Souryavong v. Lackawanna County
159 F. Supp. 3d 514
M.D. Penn.2016Background
- Consolidated FLSA/wage cases by three deputy sheriffs against Lackawanna County and the union; jury found County liable under the FLSA for violations within the two‑year limitations period and awarded modest damages to each plaintiff.
- Pretrial: partial summary judgment awarded to plaintiffs for claims within two‑year FLSA period; willfulness and equitable tolling remained disputed.
- After trial plaintiffs moved for: liquidated damages; pre‑judgment interest; attorney fees and costs; to strike County’s Rule 68 offers; and to obtain defense counsel’s billing records.
- County submitted unaccepted Rule 68 offers that exceeded the amounts the plaintiffs recovered at trial.
- The court conducted a fee hearing and performed a detailed line‑by‑line review of plaintiffs’ time records.
Issues
| Issue | Plaintiff's Argument | Defendant's Argument | Held |
|---|---|---|---|
| Liquidated damages under the FLSA | Plaintiffs seek mandatory liquidated damages for unpaid overtime; county’s asserted lack of knowledge insufficient to show good faith | County claims it acted in good faith and had objectively reasonable grounds (computer/aggregation error) | Granted: county failed to show it took affirmative steps to ascertain FLSA compliance, so liquidated damages awarded |
| Validity/use of defendant’s unaccepted Rule 68 offers | Plaintiffs moved to strike the offers as irrelevant or invalid | County submitted offers for consideration in awarding costs and fees | Denied: Rule 68 offers are relevant to allocation of costs and to reasonableness/reduction of attorney fees in FLSA fee petitions |
| Pre‑judgment interest vs. liquidated damages | Plaintiffs requested pre‑judgment interest on wages | County: plaintiffs cannot have both interest and liquidated damages under FLSA | Denied: plaintiffs may not recover both; liquidated damages control (Brooklyn Savings rule) |
| Attorney fees and costs (amount and supporting records) | Plaintiffs sought ~$166k in fees plus costs and moved for defense billing records | County challenged rates, hours, vagueness, and sought denial of post‑offer costs; opposed producing defense billing | Partly granted: lodestar reduced (lead counsel rate set at $250/hr), numerous hour deductions for vagueness/duplication/limited success; awarded $54,250 in attorney fees (plus $4,250 for fee petition work) and $1,602.85 costs; motion for defense billing denied |
Key Cases Cited
- Martin v. Cooper Elec. Supply Co., 940 F.2d 896 (3d Cir. 1991) (employer must take affirmative steps to ascertain FLSA requirements to show good faith).

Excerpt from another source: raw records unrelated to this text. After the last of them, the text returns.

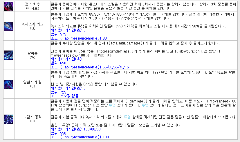안녕하세요 ㅎㅎ 이번에 소개해 드릴 챔피언은 현 메타에서 미드 최정점을 달리고 있는 '탈론'입니다.
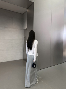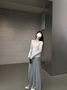5werkwen半身裙女夏季垂感磨毛宽松百搭软糯休闲简约灰色A字长裙
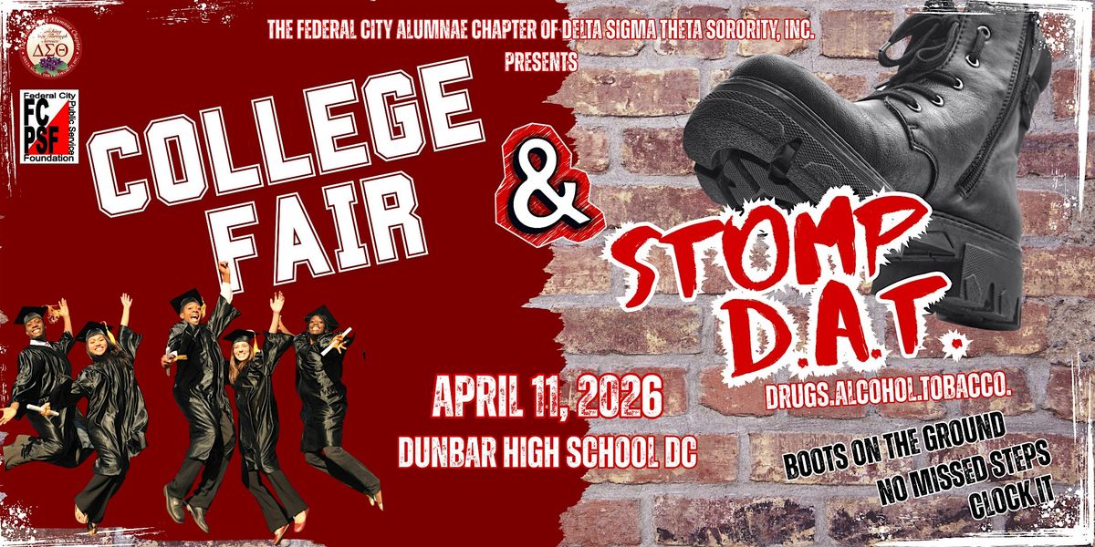 Join The Federal City Alumnae Chapter of Delta Sigma Theta Sorority, Inc. for a powerful day of empowerment, education, and youth excellence at the STOMP D.A.T. & College Fair!
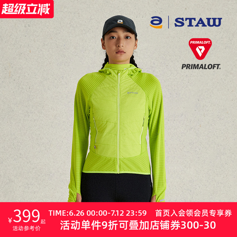 STAW世拓連帽跑步棉衣加絨保暖戶外40g金標P棉3A抗菌運動外套棉服
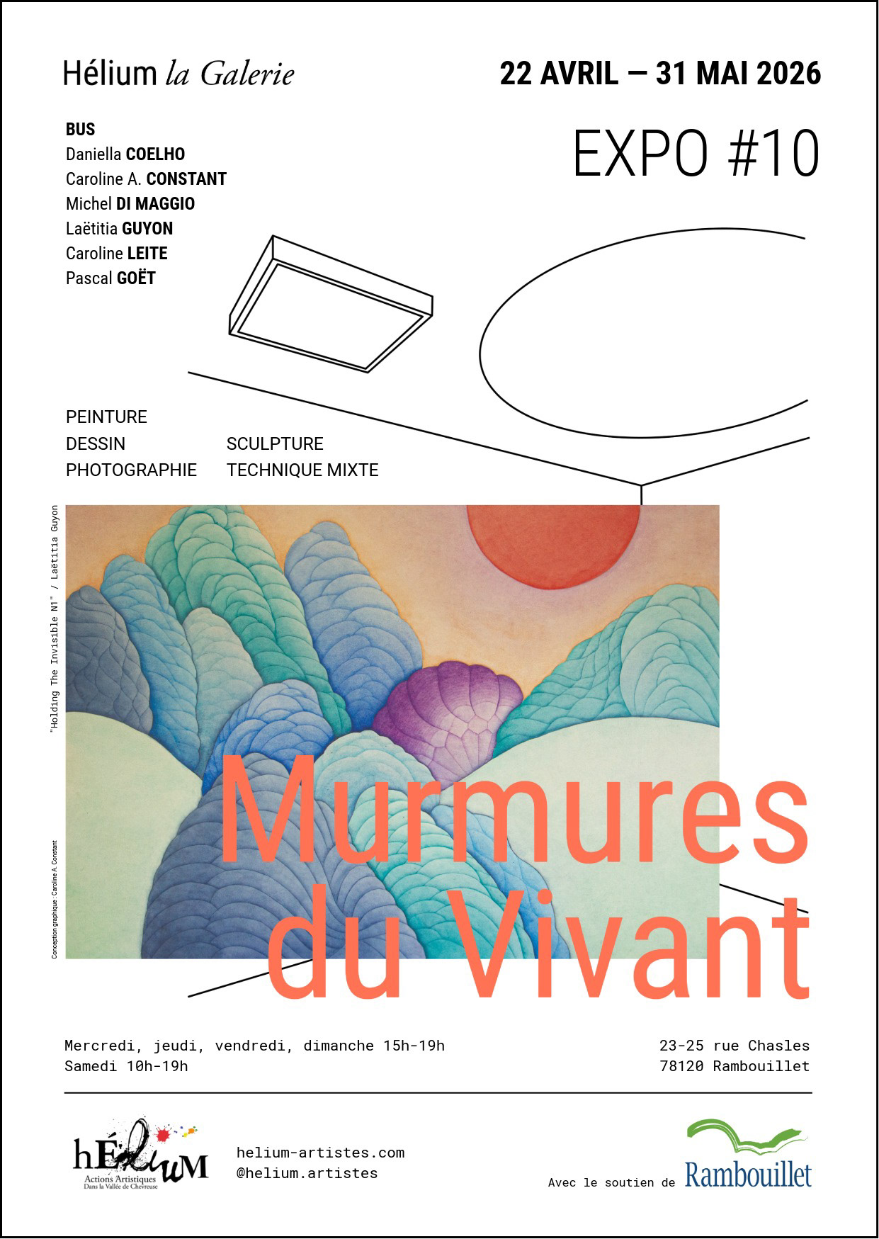 Aux côtés de 6 autres artistes de l’association Hélium : BUS, Daniela Coelho, Michel Di Maggio, Laetitia Guyon, Caroline Leite, Pascal Goët.
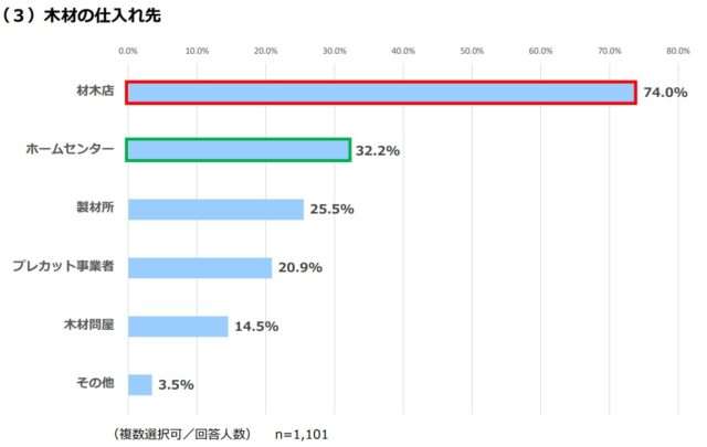 木材の仕入れ先は、材木店が74%と圧倒的に多いが、ホームセンターも32.2%と3人に1人が利用していることがわかった。
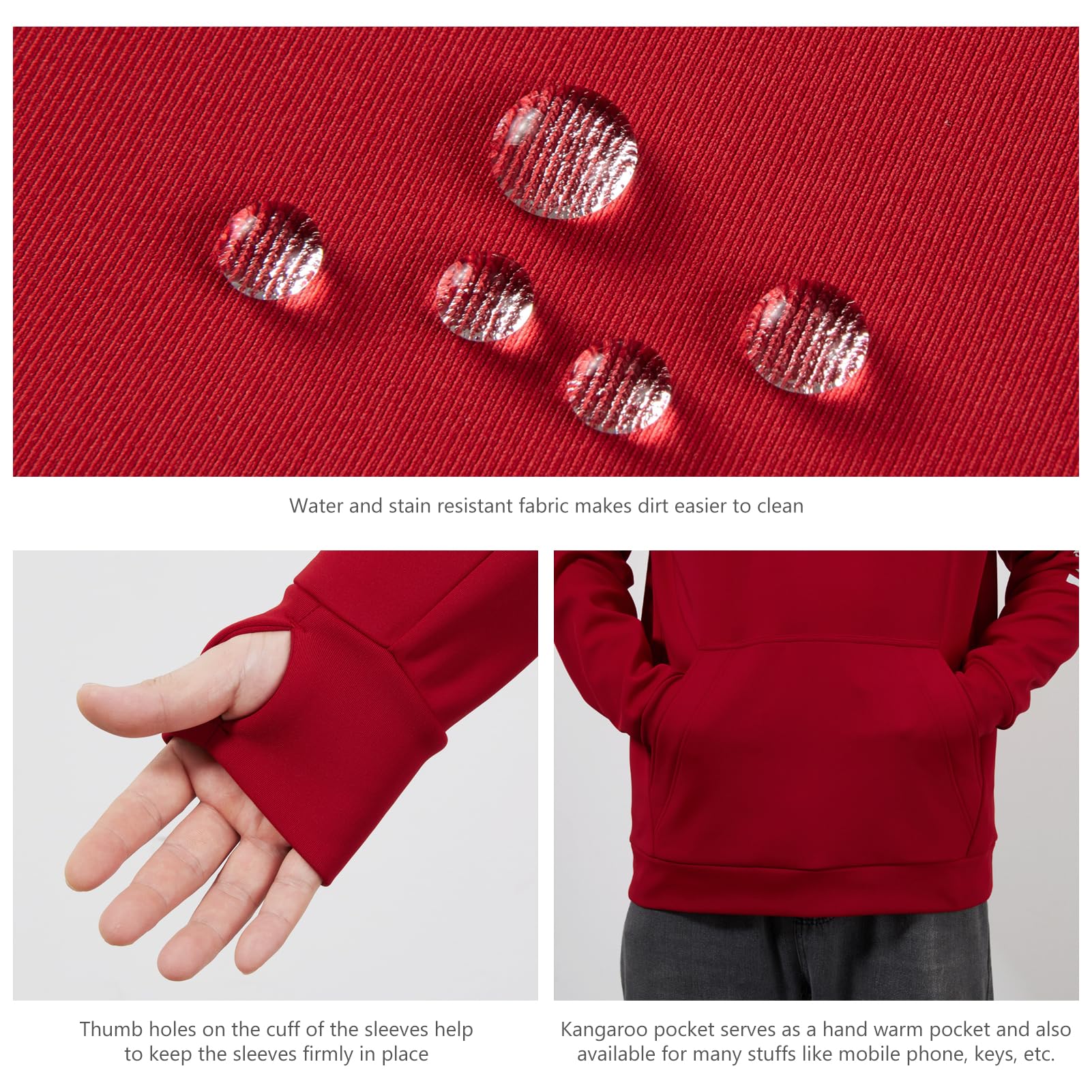 Big kangaroo pocket serves as a hand warm pocket and is also available for personal stuffs like mobile phone, keys, etc; Thumb holes on the sleeve cuffs help to keep the sleeves firmly in place

- Marek v. Chesny, 473 U.S. 1 (1985) (Rule 68 offer need not itemize costs/fees; valid offers can limit recovery of costs).
- Brooklyn Savings Bank v. O’Neil, 324 U.S. 697 (1945) (under FLSA, plaintiff cannot recover both liquidated damages and interest).
- Haworth v. State of Nevada, 56 F.3d 1048 (9th Cir. 1995) (Rule 68 can limit costs and is relevant to reasonableness of FLSA fee awards).
- Loughner v. University of Pittsburgh, 260 F.3d 173 (3d Cir. 2001) (lodestar method and reduction for excessive/unnecessary hours).
- Rode v. Dellarciprete, 892 F.2d 1177 (3d Cir. 1990) (district court may reduce fees for inadequately documented hours and hours attributable to unsuccessful claims).
- Hensley v. Eckerhart, 461 U.S. 424 (1983) (lodestar and reduction for limited success; results obtained is critical factor).
- Perdue v. Kenny A., 559 U.S. 542 (2010) (standards for enhancing awards and continued relevance of lodestar inquiry).